INDUSTRIAL/COMMERCIAL SEGMENT

         RESULTS OF OPERATIONS - NPI

         For the three months ended March 31, 1999 NPI had net sales of
$1,545,390, operating expenses were $238,392, and operating income of
$22,931. Other income of $355 includes net interest expense of $4,563 and
other income of $4,918. Net income for the three months was $23,286.

         LIQUIDITY AND CAPITAL RESOURCES - NPI

         NPI financed its operations during the three months ended March 31,
1999 through internally generated cash flows. For the three months ended
March 31, 1999, NPI used $143,171 in operating activities, and used $4,105 in
investing activities. Total assets of NPI at March 31, 1999, were $1,775,839,
total liabilities were $872,177, and current working capital was $1,063,518.

         RESULTS OF OPERATIONS - HAR-WHIT

         Har-Whit sales for the three months ended March 31, 1999 amounted to
$438,447, a decrease of 15.3 % compared to the $517,756 sustained in 1998.
The decrease in sales is attributable to increased competitive pressures in
bidding for fabrication work due to the downturn in oil and gas related work.

         Har-Whit cost of sales amounted to $305,047, 69.6% of sales.
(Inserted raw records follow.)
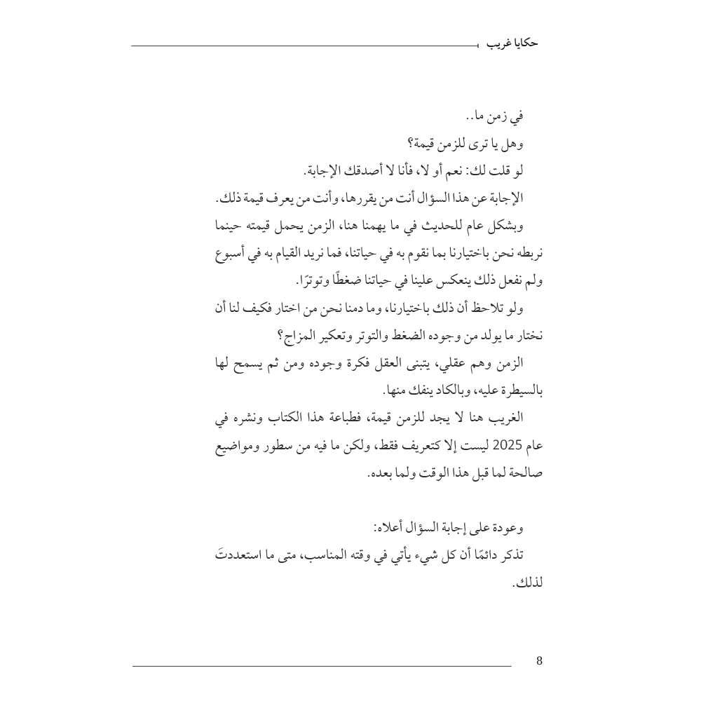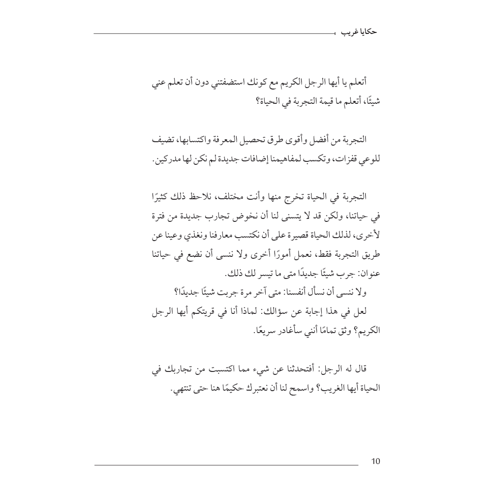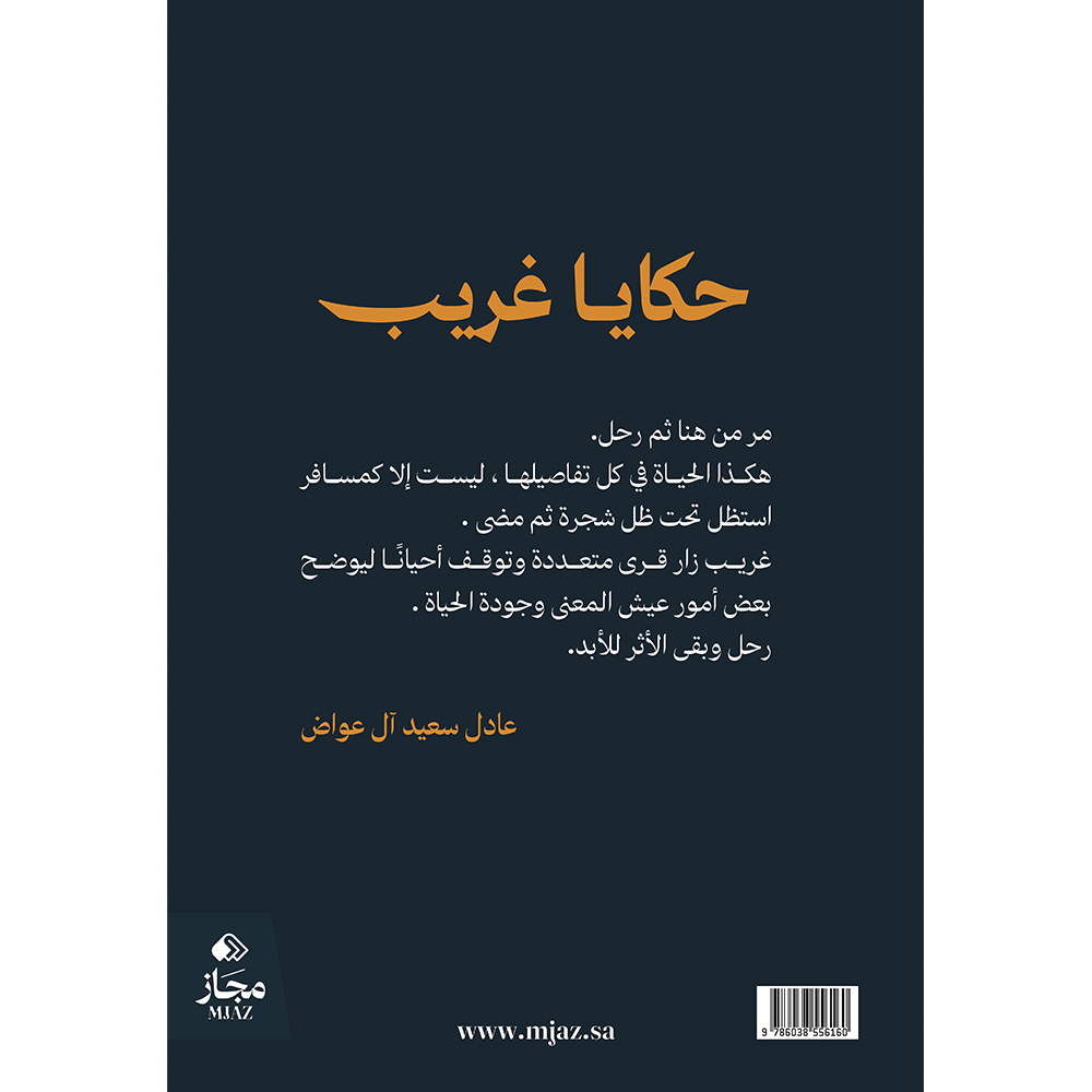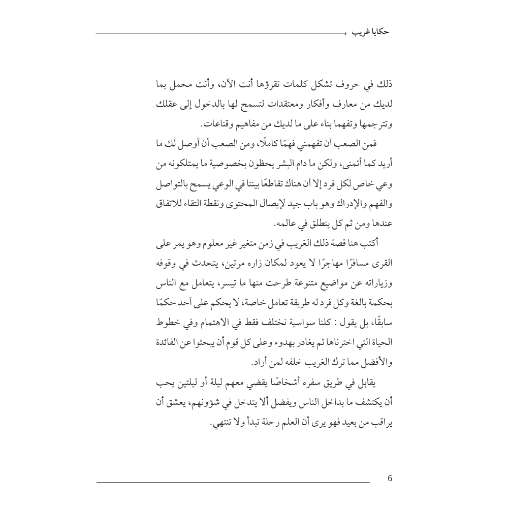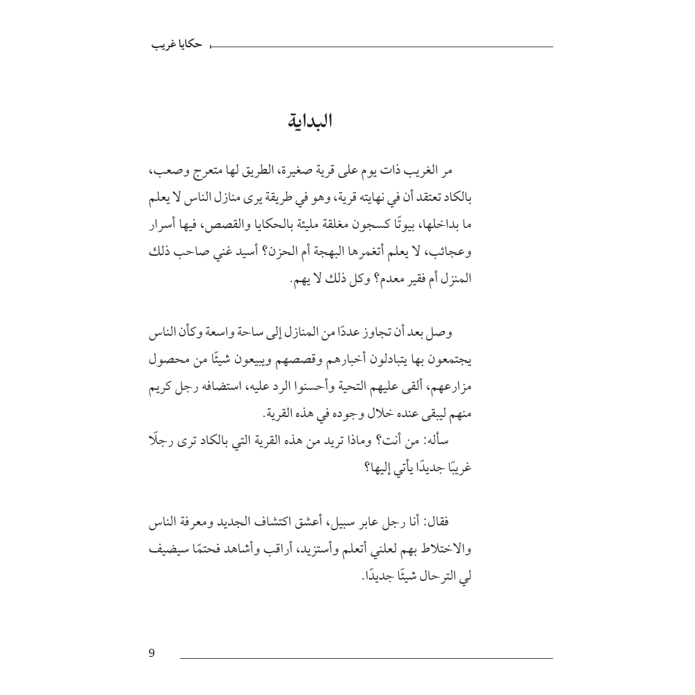أكتب هنا قصة ذلك الغريب في زمن متغير غير معلوم وهو يمر على القرى مسافرًا مهاجرًا لا يعود لمكان زاره مرتين، يتحدث في وقوفه وزياراته عن مواضيع متنوعة طرحت منها ما تيسر، يتعامل مع الناس بحكمة بالغة وكل فرد له طريقة تعامل خاصة، لا يحكم على أحد حكمًا سابقًا، بل يقول : كلنا سواسية نختلف فقط في الاهتمام وفي خطوط الحياة التي اخترناها ثم يغادر بهدوء وعلى كل قوم أن يبحثوا عن الفائدة والأفضل مما ترك الغريب خلفه لمن أراد.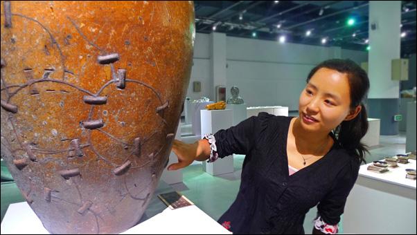 图:观赏者亲手触摸锔艺好的陶器(一)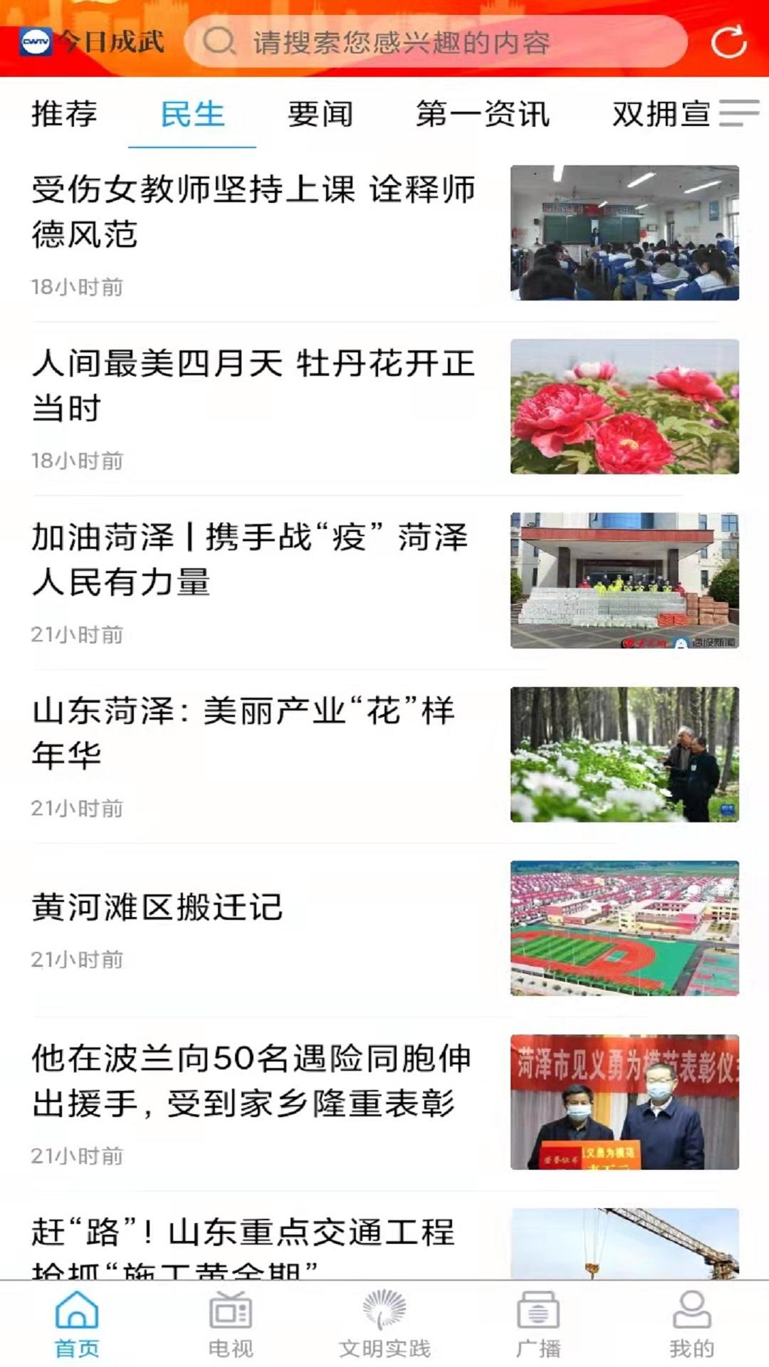 《今日成武》是成武县融媒体中心倾力打造的互联网移动客户端。开设看电视、听广播、现场直播、成武 文艺、文明实践、政务号、同城等多个特色栏目,提 供成武综合频道、成武综艺频道和FM103.1成武之声同 步直播以及电视栏目在线点播。客户端对本地资讯、 民生热点进行实时报道,传递来自现场的主流声音。

Margins
of $133,400 represent 30.4% of sales during the three months ended March 31,
1999. During the three-month period ended March 31, 1998, Har-Whit cost of
sales of $363,086 constituted 70.1%, and margins of $154,670 were 29.9% of
sales. Operating expenses of $135,517, comprised 30.9% of sales during the
three-month period ended March 31, 1999 as compared to $202,669, 39.1%, in
the comparable period in 1998. The operating loss of $2,117 for the three
months ended March 31, 1999 compares to an operating loss of $47,999 during
the three-month period ended March 31, 1998. Interest expense in the three
months ended March 31, 1999 of $16,111 compares to $11,422 in the comparable
period in 1998.

         RESULTS OF OPERATIONS -- UC

         During the three-month period ended March 31, 1999, UC had sales of
$472,866, cost of sales of $322,996, comprising 68.3% of sales, and margins
of $149,870 represent 31.7% of sales. Operating expenses of $81,815 were
17.3% of sales. Net income of $67,084 represented 14.2% of sales. UC has
launched an enhanced marketing and dealer support program to capture market
share and introduce additional products through the dealer network.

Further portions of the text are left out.